Limitations & Future Work¶
- The inference stage depends on an external frozen LRM, increasing deployment complexity and latency.
- Evaluation is limited to binary classification (benign/malignant); multi-class or finer-grained grading tasks have not been explored.
- Guidelines are provided as fixed text, with no exploration of dynamic retrieval or personalized guideline adaptation.
- The concept set relies on manual definition; extending the framework to new diseases requires domain experts to redefine the concept taxonomy.
- Radiologist evaluation covers only 20 cases, limiting statistical power.
Related Work & Insights¶
- vs.

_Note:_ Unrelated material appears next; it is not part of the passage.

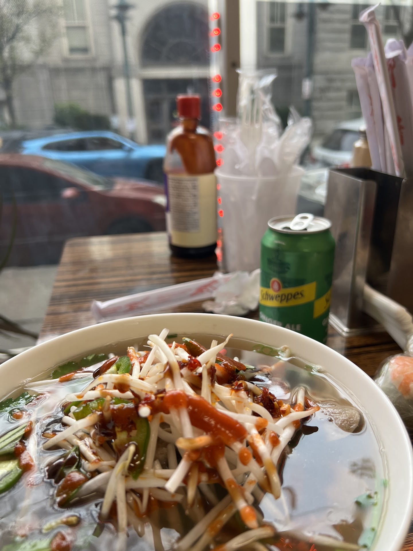 I have been committed to exploring Reading on foot on my days off. Came here with no expectations. I wasnât put off by the atmosphere or the ants marching along the window sill facing City Hall, I was turned off as soon as I heard the microwave door slam shortly after the Woman went back to prepare my order. So the sliced beef is tough it should be fresh and thinly sliced allowing for the hot broth to cook it the rest of the way. But the broth was flavorful and hearty. The mark up of the food I would expect better considering it isnât a fully staffed restaurant with zero ambiance. Before I give them a second chance I will see if I can actually find good Pho in Berks. But it seems the people in Berks Valley more out of touch then...

AdaCBM: AdaCBM mitigates CLIP domain shift via learnable adapters but does not incorporate clinical knowledge; MedCBR provides stronger inductive bias through guideline-driven training.
- vs. Label-free CBM: Automatically generated concepts may omit clinically important features or introduce spurious correlations; MedCBR constrains concept discovery through guidelines.
- vs. Agent-based methods (e.g., MAGDA, MedRAX): These approaches use guidelines or tools as reasoning aids but do not deeply integrate them into model training.
Rating¶
- Novelty: ⭐⭐⭐⭐ — Deeply integrating clinical guidelines into CBM training and inference is a novel contribution.
- Experimental Thoroughness: ⭐⭐⭐⭐ — Multi-dataset validation with ablation and clinical evaluation, though the clinical evaluation sample size is limited.
- Writing Quality: ⭐⭐⭐⭐ — The framework is clearly presented, formulations are rigorous, and clinical relevance is well-motivated.
- Value: ⭐⭐⭐⭐ — Provides a practical guideline-integration paradigm for medical explainable AI.